[Source information]:
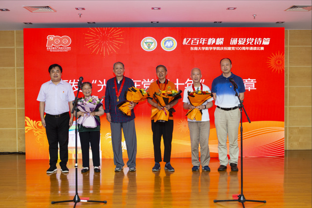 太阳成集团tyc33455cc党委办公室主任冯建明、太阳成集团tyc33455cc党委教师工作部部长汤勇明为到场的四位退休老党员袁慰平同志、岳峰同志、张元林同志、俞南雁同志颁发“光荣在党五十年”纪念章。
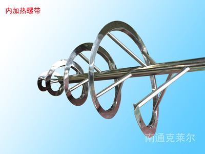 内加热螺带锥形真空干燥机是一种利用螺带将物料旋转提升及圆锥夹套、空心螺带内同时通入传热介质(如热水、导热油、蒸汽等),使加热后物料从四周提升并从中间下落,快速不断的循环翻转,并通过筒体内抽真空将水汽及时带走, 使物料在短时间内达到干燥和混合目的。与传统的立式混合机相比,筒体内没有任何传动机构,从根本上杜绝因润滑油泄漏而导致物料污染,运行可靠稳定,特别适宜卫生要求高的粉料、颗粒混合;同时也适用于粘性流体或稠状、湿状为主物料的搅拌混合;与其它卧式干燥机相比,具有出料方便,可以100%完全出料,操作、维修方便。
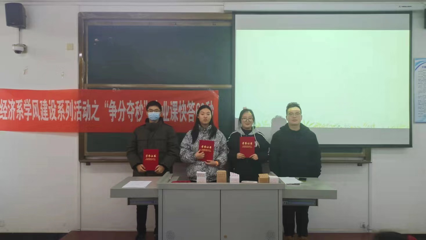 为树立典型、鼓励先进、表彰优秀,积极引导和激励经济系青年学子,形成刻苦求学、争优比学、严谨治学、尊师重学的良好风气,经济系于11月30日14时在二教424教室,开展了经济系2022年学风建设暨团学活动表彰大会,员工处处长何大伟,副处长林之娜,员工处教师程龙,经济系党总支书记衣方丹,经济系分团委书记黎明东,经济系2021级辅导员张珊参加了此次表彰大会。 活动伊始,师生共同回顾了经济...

--

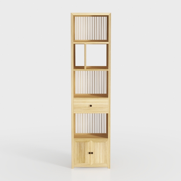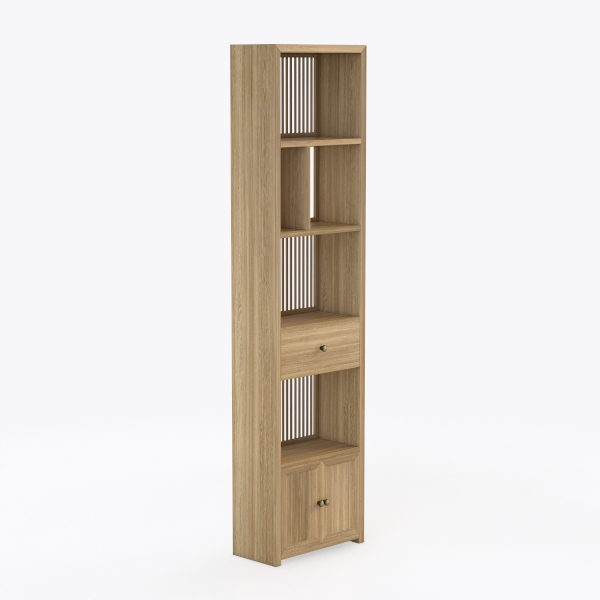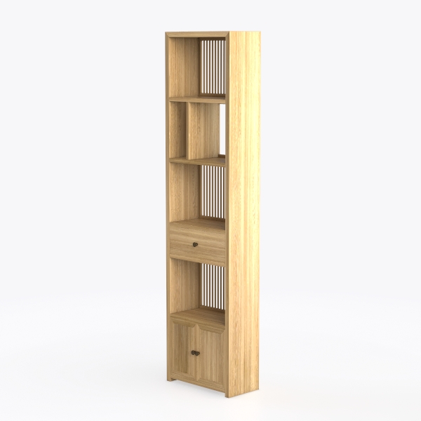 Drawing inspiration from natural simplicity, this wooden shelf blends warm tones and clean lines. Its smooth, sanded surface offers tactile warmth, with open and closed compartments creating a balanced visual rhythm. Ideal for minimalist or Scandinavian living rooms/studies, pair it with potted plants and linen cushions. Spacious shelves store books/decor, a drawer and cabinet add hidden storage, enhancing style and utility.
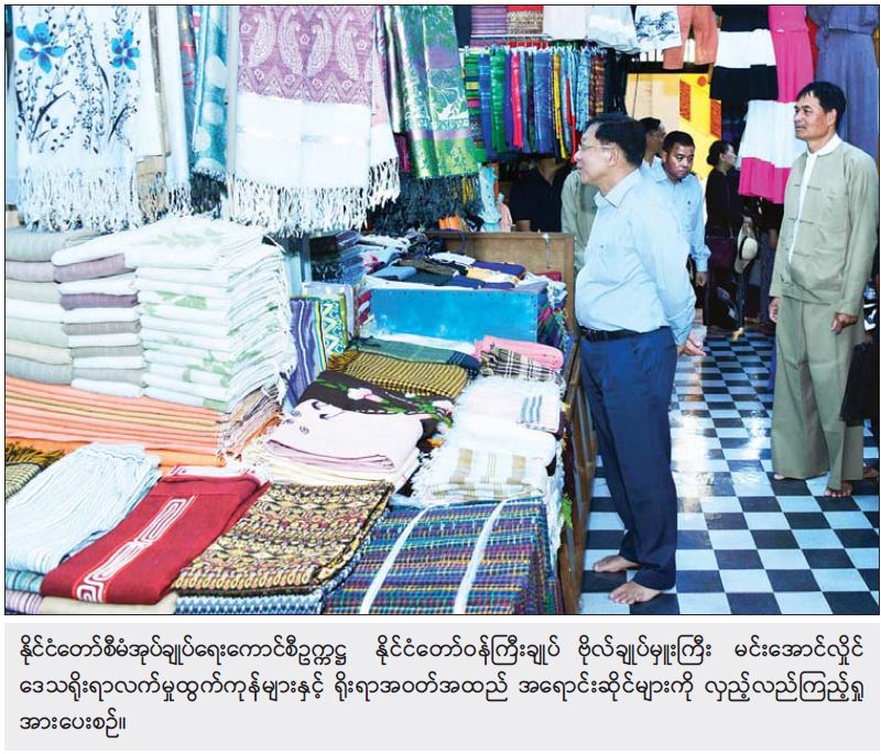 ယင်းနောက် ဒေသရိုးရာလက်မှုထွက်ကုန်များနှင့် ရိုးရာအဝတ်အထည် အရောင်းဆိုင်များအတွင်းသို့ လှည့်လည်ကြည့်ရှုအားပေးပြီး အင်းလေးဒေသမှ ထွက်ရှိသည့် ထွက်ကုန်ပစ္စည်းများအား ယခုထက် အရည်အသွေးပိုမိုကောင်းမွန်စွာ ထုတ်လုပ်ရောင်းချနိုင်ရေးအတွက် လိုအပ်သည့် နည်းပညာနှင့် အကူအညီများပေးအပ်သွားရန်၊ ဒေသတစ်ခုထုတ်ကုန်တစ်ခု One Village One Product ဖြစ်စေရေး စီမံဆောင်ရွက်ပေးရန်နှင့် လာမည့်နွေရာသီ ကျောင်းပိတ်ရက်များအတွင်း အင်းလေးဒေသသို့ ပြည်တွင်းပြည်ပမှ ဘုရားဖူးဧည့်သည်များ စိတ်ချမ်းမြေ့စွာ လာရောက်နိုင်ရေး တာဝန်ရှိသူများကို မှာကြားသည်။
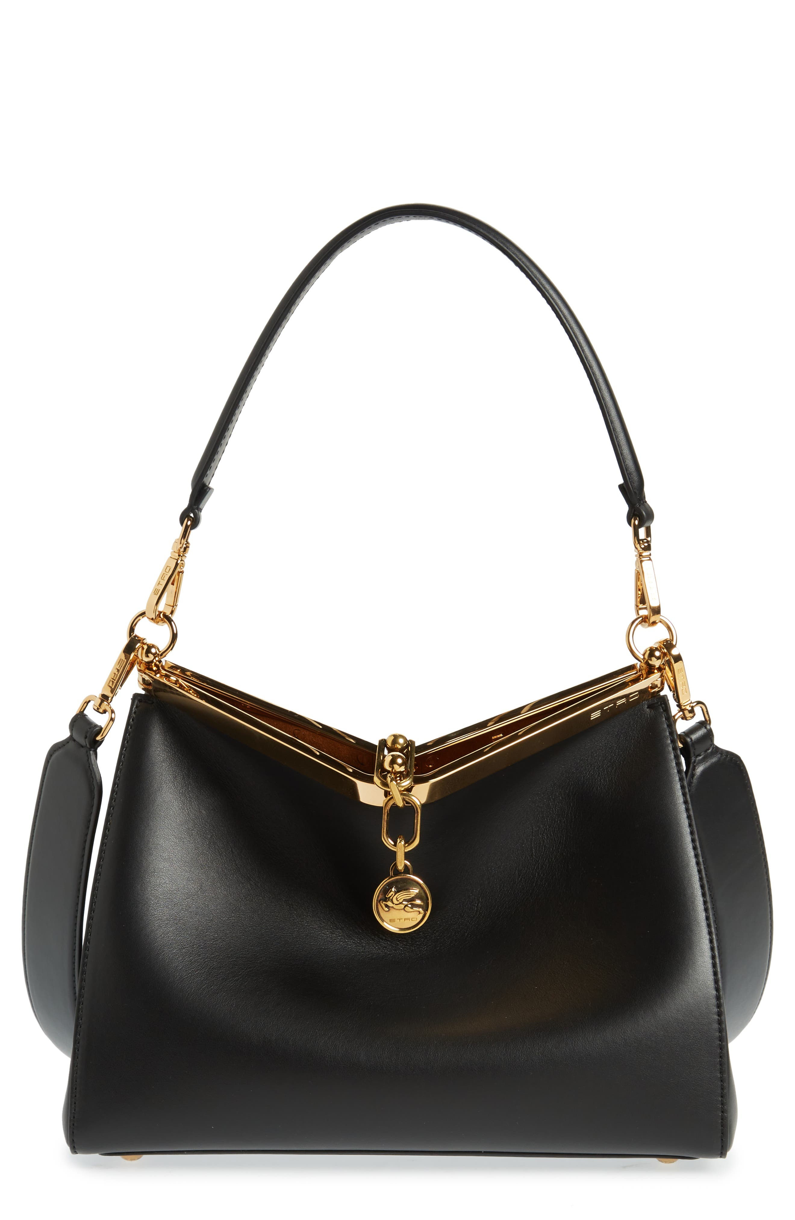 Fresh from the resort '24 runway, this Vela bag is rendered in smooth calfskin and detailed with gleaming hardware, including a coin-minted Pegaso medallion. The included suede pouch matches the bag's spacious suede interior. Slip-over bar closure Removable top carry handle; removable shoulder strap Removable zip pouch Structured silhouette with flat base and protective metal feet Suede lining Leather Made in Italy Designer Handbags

[Brief]:
Within the listing above, the lines from the one with "太阳成集团tyc33455cc党委办公室" through the one with "为树立典型、鼓励先进、表彰优" are to be given again word for word. Do not include pictures.

[Solution for this exercise]:
 太阳成集团tyc33455cc党委办公室主任冯建明、太阳成集团tyc33455cc党委教师工作部部长汤勇明为到场的四位退休老党员袁慰平同志、岳峰同志、张元林同志、俞南雁同志颁发“光荣在党五十年”纪念章。
 内加热螺带锥形真空干燥机是一种利用螺带将物料旋转提升及圆锥夹套、空心螺带内同时通入传热介质(如热水、导热油、蒸汽等),使加热后物料从四周提升并从中间下落,快速不断的循环翻转,并通过筒体内抽真空将水汽及时带走, 使物料在短时间内达到干燥和混合目的。与传统的立式混合机相比,筒体内没有任何传动机构,从根本上杜绝因润滑油泄漏而导致物料污染,运行可靠稳定,特别适宜卫生要求高的粉料、颗粒混合;同时也适用于粘性流体或稠状、湿状为主物料的搅拌混合;与其它卧式干燥机相比,具有出料方便,可以100%完全出料,操作、维修方便。
 为树立典型、鼓励先进、表彰优秀,积极引导和激励经济系青年学子,形成刻苦求学、争优比学、严谨治学、尊师重学的良好风气,经济系于11月30日14时在二教424教室,开展了经济系2022年学风建设暨团学活动表彰大会,员工处处长何大伟,副处长林之娜,员工处教师程龙,经济系党总支书记衣方丹,经济系分团委书记黎明东,经济系2021级辅导员张珊参加了此次表彰大会。 活动伊始,师生共同回顾了经济...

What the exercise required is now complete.